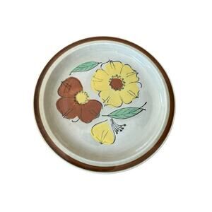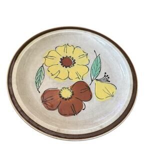 Vintage Hand Painted Stoneware Dinner Plate (3) Floral Design Retro Kitchenware
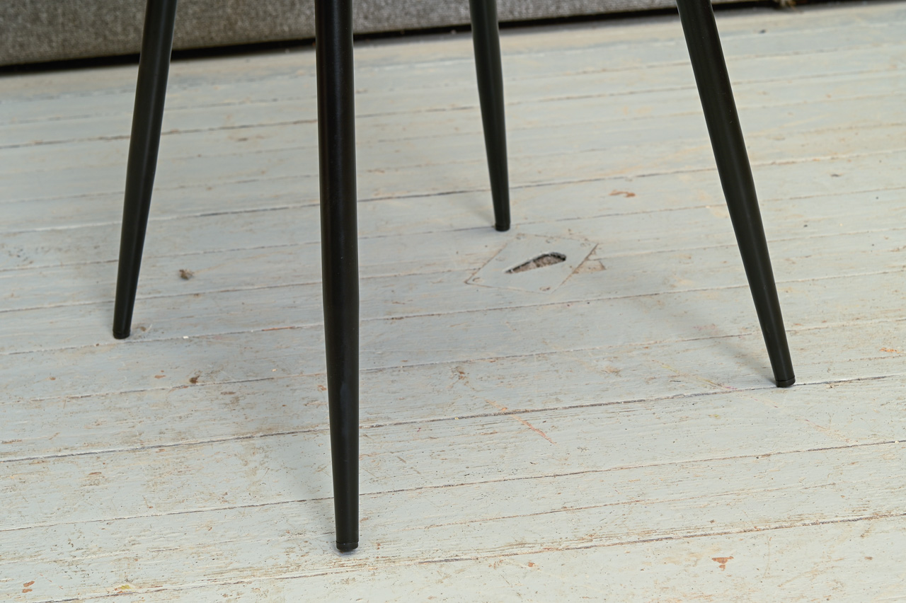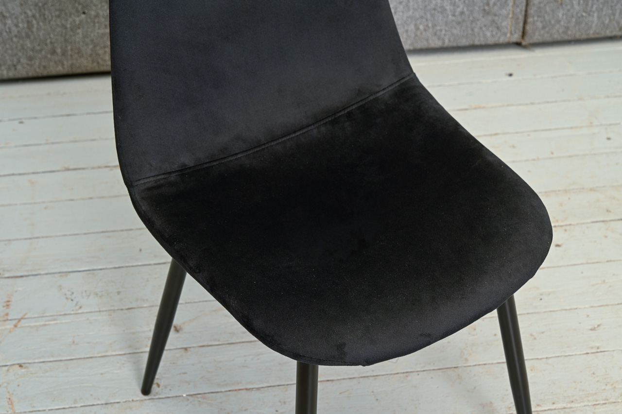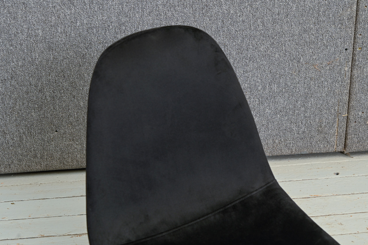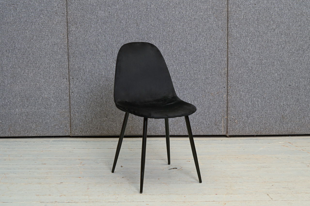 Krēsls uz melnām metāla kājām, tapsēts ar melnu, samtainu mēbeļu audumu. Nelietots, salikts. Kods 108313.
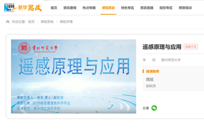 公司《遥感原理与应用》是贵州省仅有两门普通本科课程之一、全国地理科学类仅有六门普通本科课程之一的“国家级课程思政示范课程、教学名师和团队”。经全国高等师范院校课程思政教学研究联盟推荐,新华思政平台专家评审,由公司周旭副教授主讲的遥感课程思政教学案例被新华网•新华思政平台收录并做示范推广。
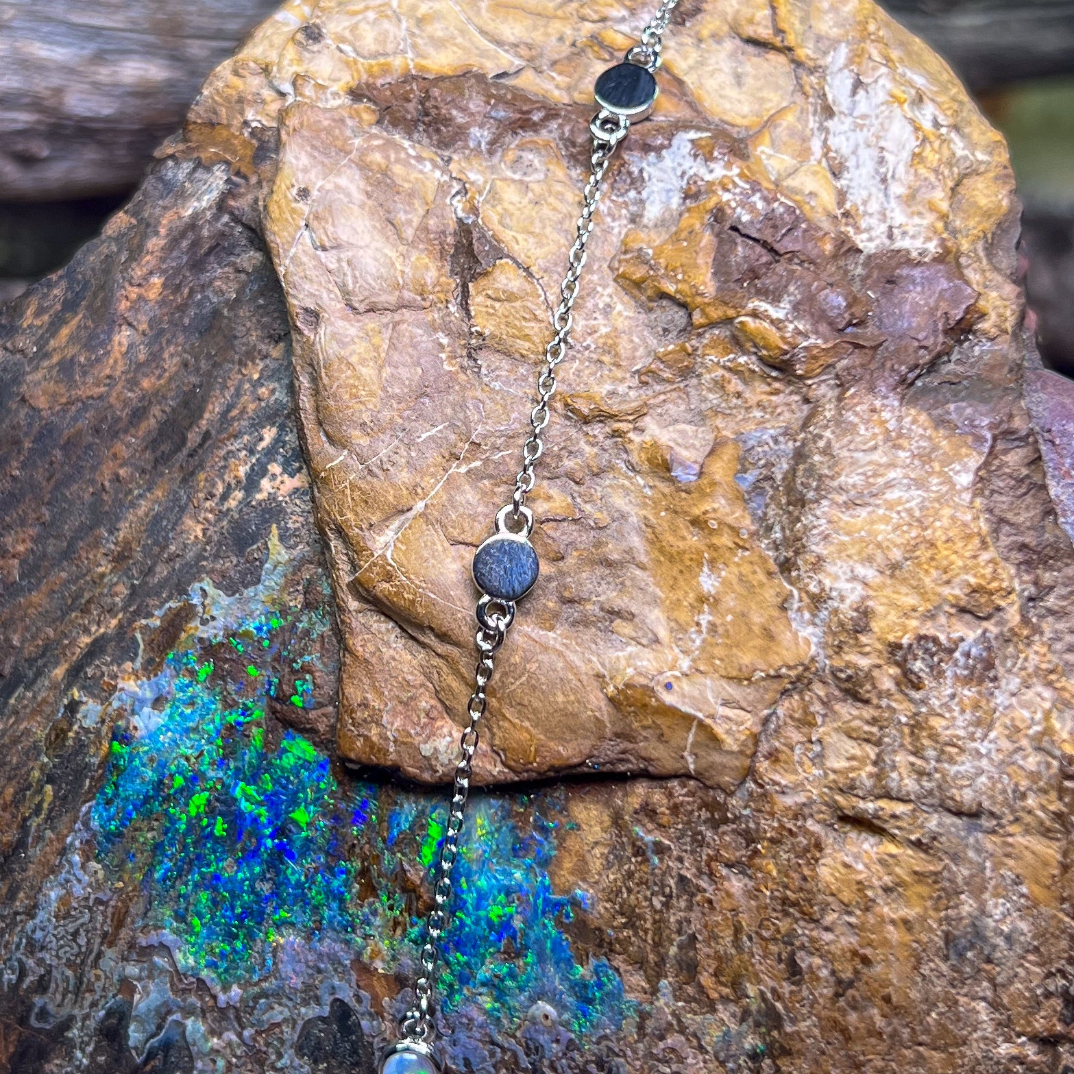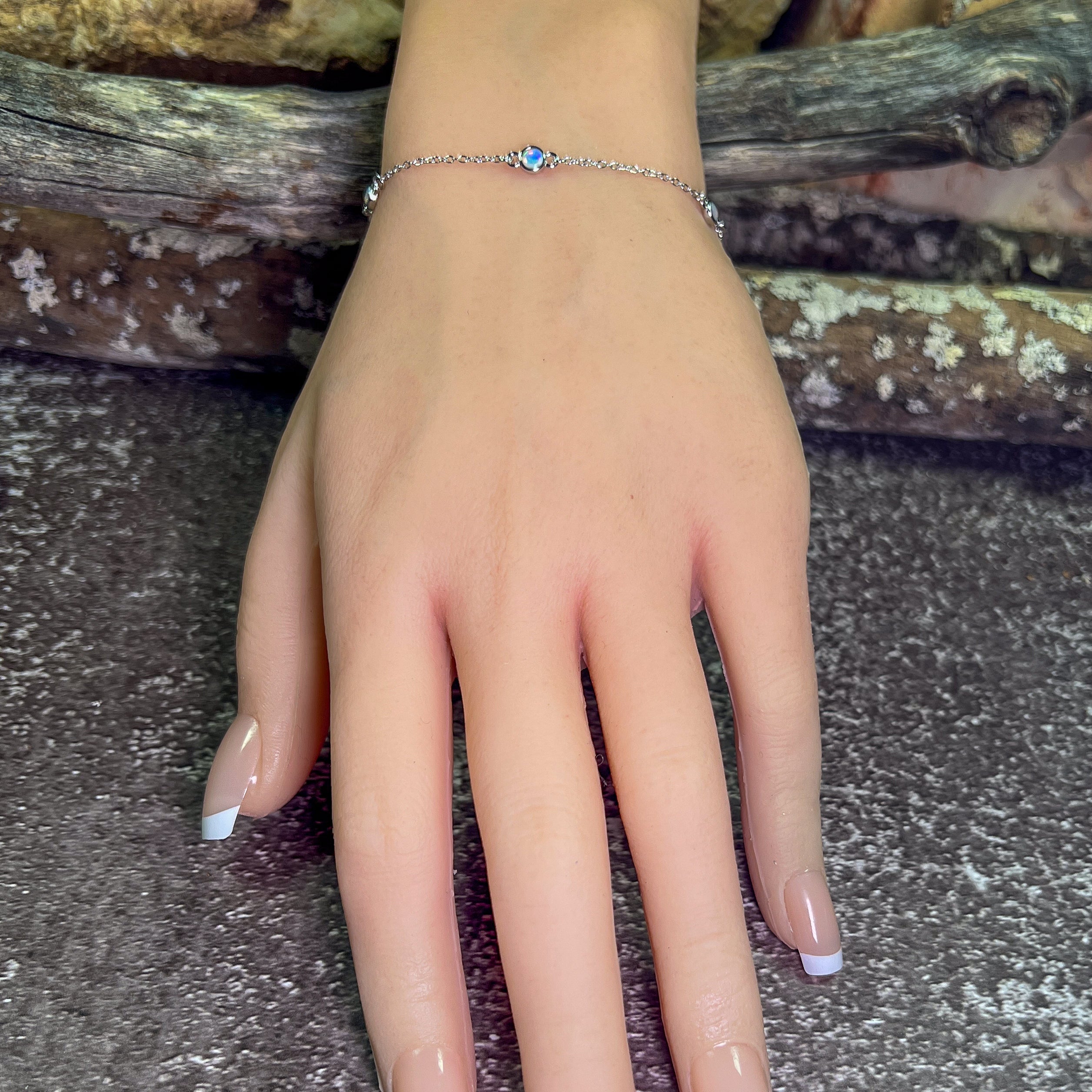 Get your wrist game on fleek with this Sterling Silver minimalist bracelet, adorned with 5 iridescent Crystal Opal stones measuring 3.5mm. Its dainty design is perfect for everyday wear, adding a touch of elegance and whimsy to any outfit. (And hello, perfect gift for your BFF!)
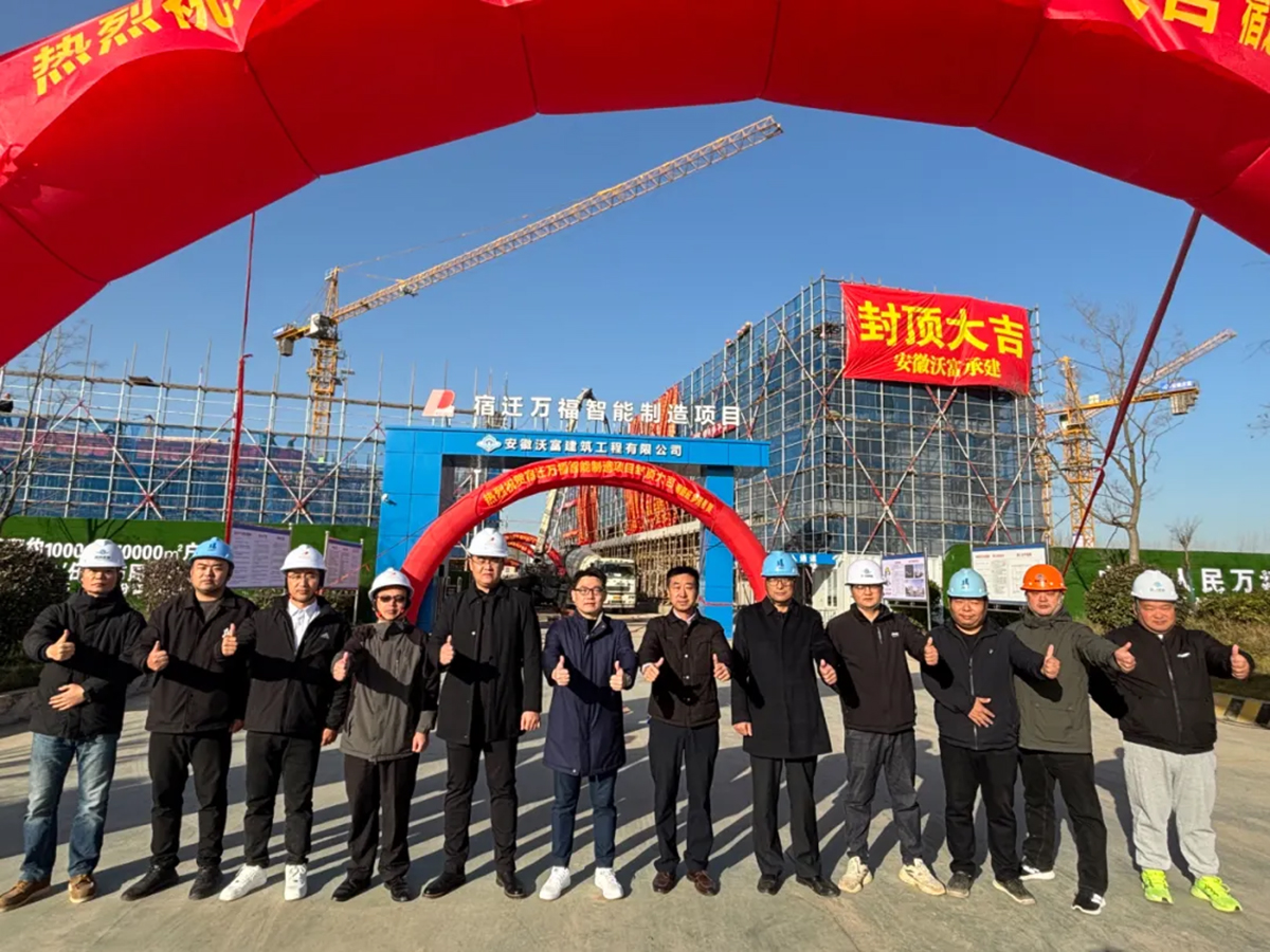 当天,人民万福集团江苏区域总经理赵宁等相关领导出席活动,共同见证项目封顶,并对人民万福(宿迁)智能制造园的未来发展表示祝福。 赵宁总强调:封顶不是终点,而是下一个节点的开始,交付才是我们的目标!让我们共同期待人民万福(宿迁)智能制造园早日竣工、开园,见证它在宿迁这片热土上绽放出更加璀璨的光彩,助力宿迁在智能制造的浪潮中乘风破浪、一往无前!
# # # # # # #
--- Exercise prompt ---
This exercise asks for an exact copy of the lines from the first one in the data through the line that contains "Krēsls uz melnām", pictures excluded.

--- Response below ---
 Vintage Hand Painted Stoneware Dinner Plate (3) Floral Design Retro Kitchenware
 Krēsls uz melnām metāla kājām, tapsēts ar melnu, samtainu mēbeļu audumu. Nelietots, salikts. Kods 108313.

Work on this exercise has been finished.